**PROBLEM STATEMENT**
Pictures excluded, copy all of the data below exactly.

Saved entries

[Start of Attachment]

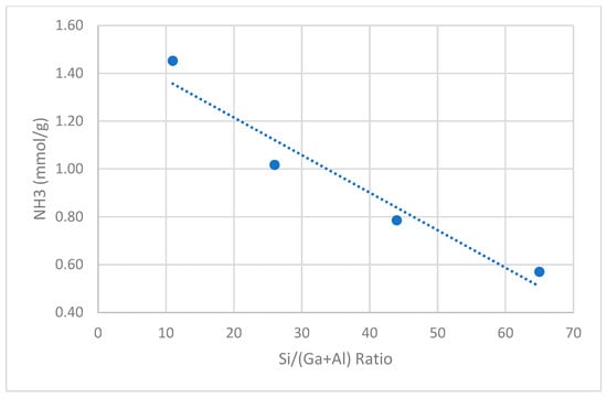 Total acidity (NH3-TPD) of catalyst samples against [Si/(Ga+Al)] ratio.
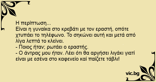 - Ο άντρας μου ήταν. Λέει ότι θα αργήσει λιγάκι γιατί είναι με εσένα στο καφενείο καί παίζετε τάβλι!
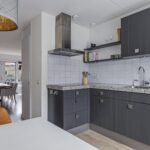 Halfopen keuken v.v. inbouwapparatuur en met praktische trapkast
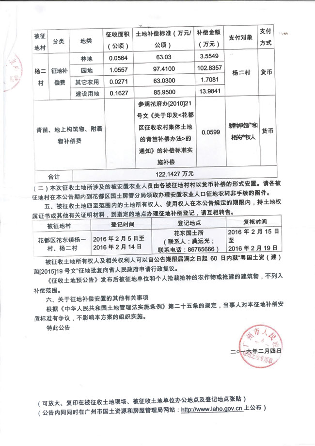 征地公告信息_广州市人民政府征收土地公告——穗府征〔2016〕4号
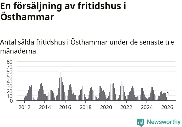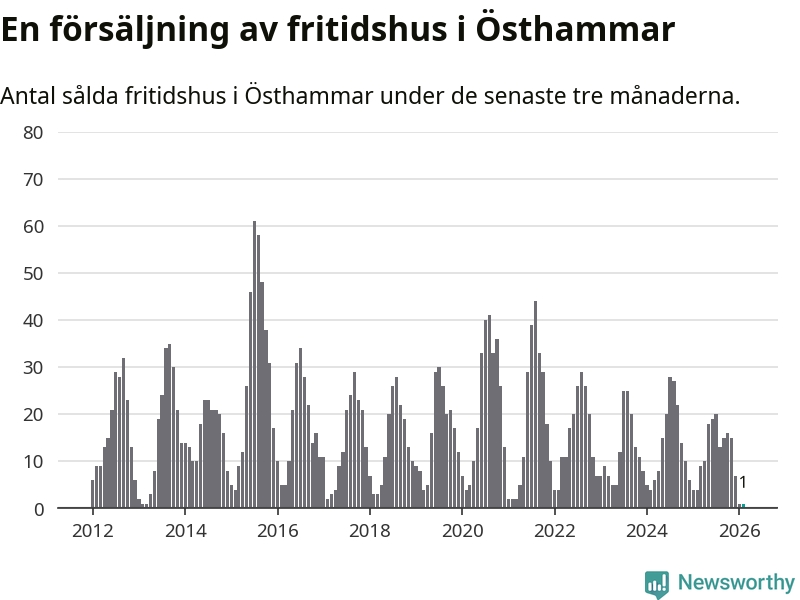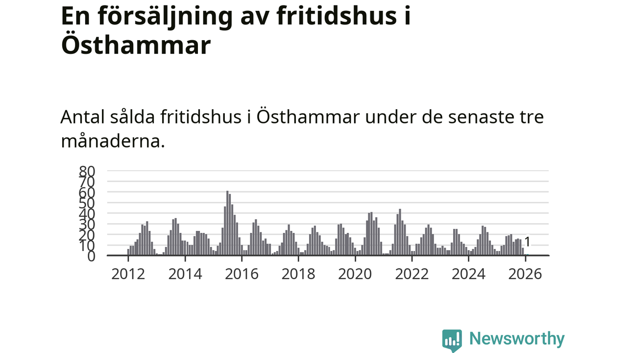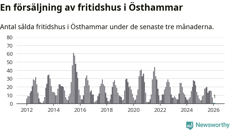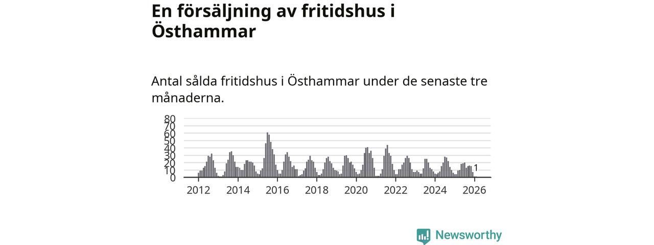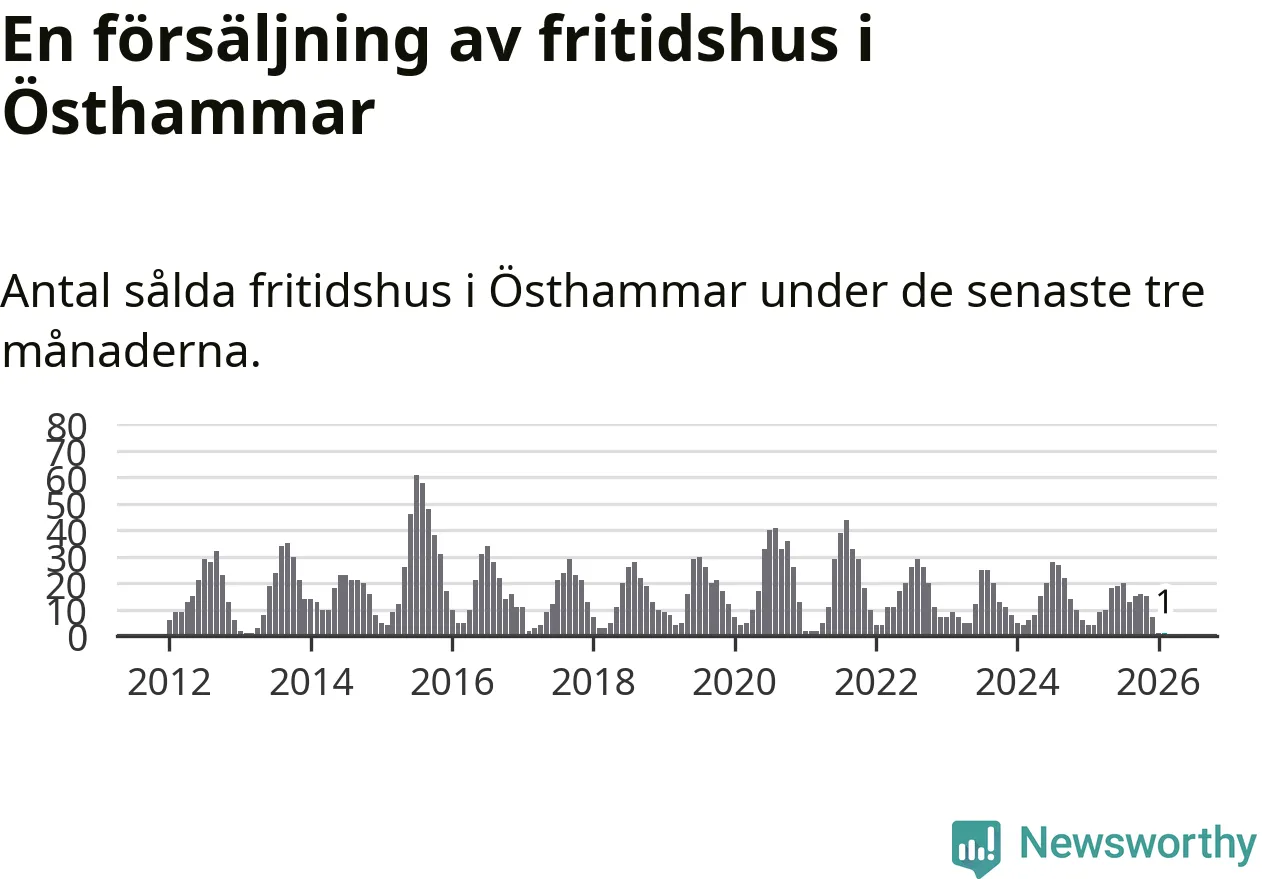 Sammanlagt såldes ett fritidshus i Östhammars kommun mellan december 2025 och februari till ett genomsnittligt pris på 2,0 miljoner kronor. I fjol gjordes fyra affärer vid den här tiden på året.
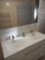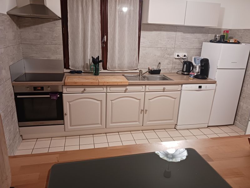 Composé au RDC d'une grande pièce à vivre donnant sur une cuisine semi-ouverte. Cuisine équipée de plaque vitrocéramique, four, frigo/congélateur, lave vaisselle et lave linge,...
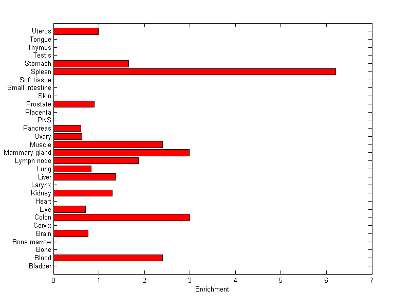 The expression level is normalized with tissue-library size. Each value for a gene in a tissue is a ratio of observed ESTs to the expected one in this tissue. The expected number of ESTs is the product of total ESTs of the gene and the fraction of total ESTs in the tissue among all ESTs in 30 tissues.
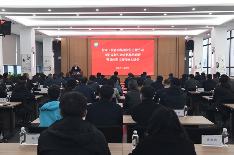 10月27日至28日,甘肅工程咨詢集團舉辦“項目謀劃與融資運作培訓班暨第四期甘肅咨詢大講堂”。活動聚焦項目統籌謀劃與融資運作能力系統提升,通過案例分享、專題培訓、內部研討等形式,提升專業技術人員項目謀劃與融資能力。集團公司黨委書記、董事長張佩峰,總經理、董事陳一夫,黨委委員、副總經理孟康榮、白鑫、賈志堅出席,副總經理曹慶主持。
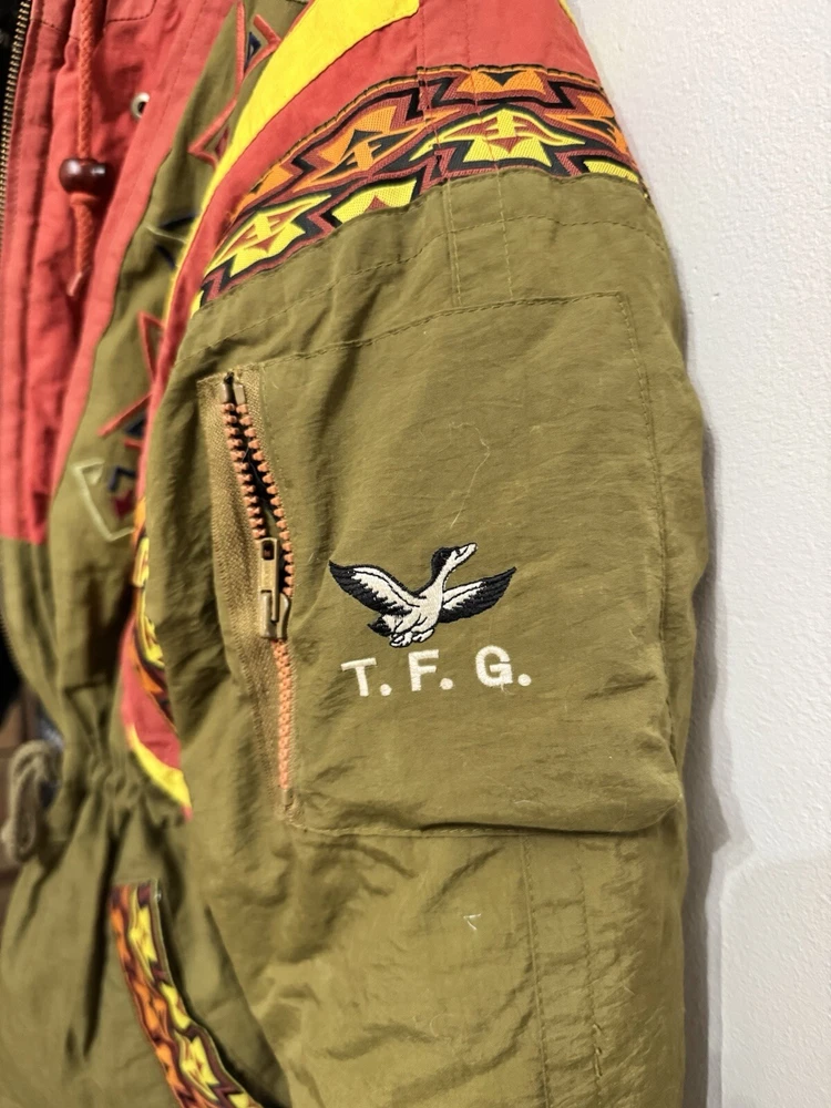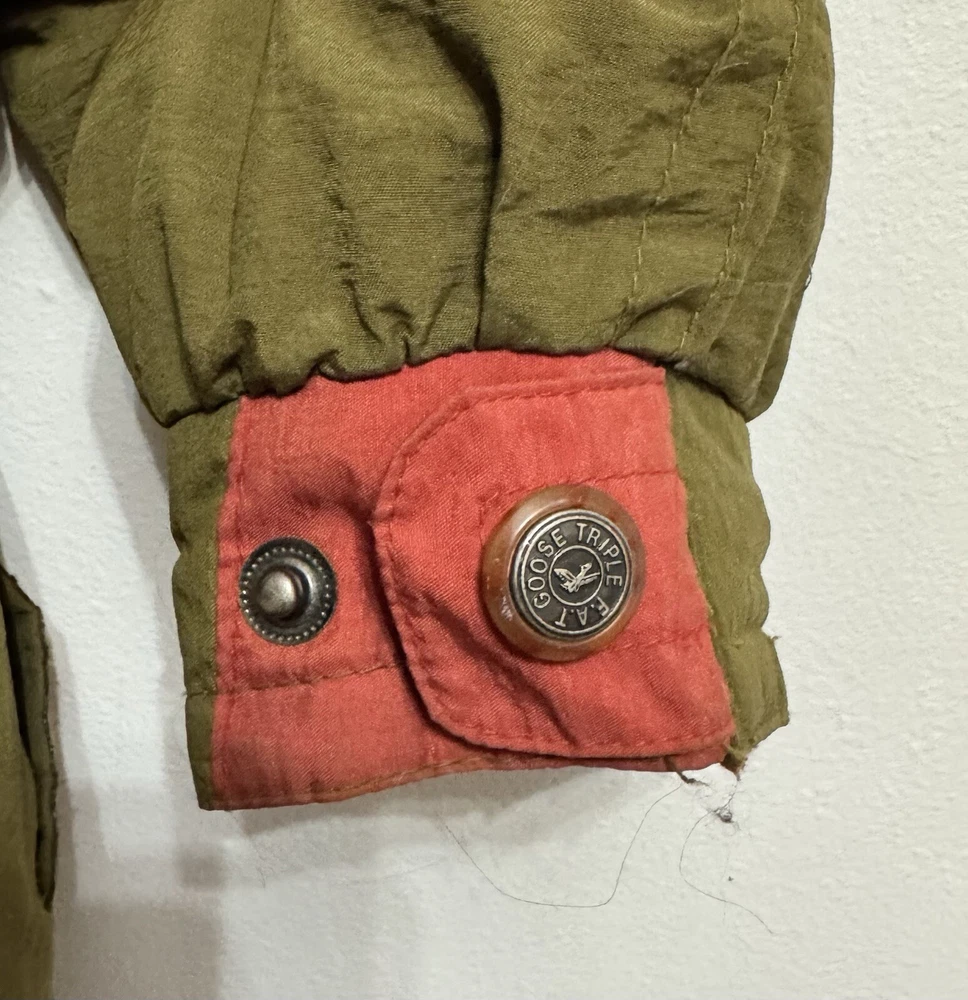 Stay warm and stylish this season with this vintage Triple F.A.T. Goose puffer jacket. The solid green color and hooded design make it a trendy addition to your wardrobe. The jacket is made of durable polyester and features a quilted and insulated design, perfect for fall, winter, and spring. This mid-length jacket has a regular fit and long sleeves, making it comfortable for everyday wear. The jacket is perfect for casual occasions and features a zip closure for added convenience. The Triple F.A.T. Goose brand is known for its quality and this jacket is no exception. Stay warm and fashionable with this must-have jacket.

[End of Attachment]

**WRITTEN SOLUTION**
 Total acidity (NH3-TPD) of catalyst samples against [Si/(Ga+Al)] ratio.
 - Ο άντρας μου ήταν. Λέει ότι θα αργήσει λιγάκι γιατί είναι με εσένα στο καφενείο καί παίζετε τάβλι!
 Halfopen keuken v.v. inbouwapparatuur en met praktische trapkast
 征地公告信息_广州市人民政府征收土地公告——穗府征〔2016〕4号
 Sammanlagt såldes ett fritidshus i Östhammars kommun mellan december 2025 och februari till ett genomsnittligt pris på 2,0 miljoner kronor. I fjol gjordes fyra affärer vid den här tiden på året.
 Composé au RDC d'une grande pièce à vivre donnant sur une cuisine semi-ouverte. Cuisine équipée de plaque vitrocéramique, four, frigo/congélateur, lave vaisselle et lave linge,...
 The expression level is normalized with tissue-library size. Each value for a gene in a tissue is a ratio of observed ESTs to the expected one in this tissue. The expected number of ESTs is the product of total ESTs of the gene and the fraction of total ESTs in the tissue among all ESTs in 30 tissues.
 10月27日至28日,甘肅工程咨詢集團舉辦“項目謀劃與融資運作培訓班暨第四期甘肅咨詢大講堂”。活動聚焦項目統籌謀劃與融資運作能力系統提升,通過案例分享、專題培訓、內部研討等形式,提升專業技術人員項目謀劃與融資能力。集團公司黨委書記、董事長張佩峰,總經理、董事陳一夫,黨委委員、副總經理孟康榮、白鑫、賈志堅出席,副總經理曹慶主持。
 Stay warm and stylish this season with this vintage Triple F.A.T. Goose puffer jacket. The solid green color and hooded design make it a trendy addition to your wardrobe. The jacket is made of durable polyester and features a quilted and insulated design, perfect for fall, winter, and spring. This mid-length jacket has a regular fit and long sleeves, making it comfortable for everyday wear. The jacket is perfect for casual occasions and features a zip closure for added convenience. The Triple F.A.T. Goose brand is known for its quality and this jacket is no exception. Stay warm and fashionable with this must-have jacket.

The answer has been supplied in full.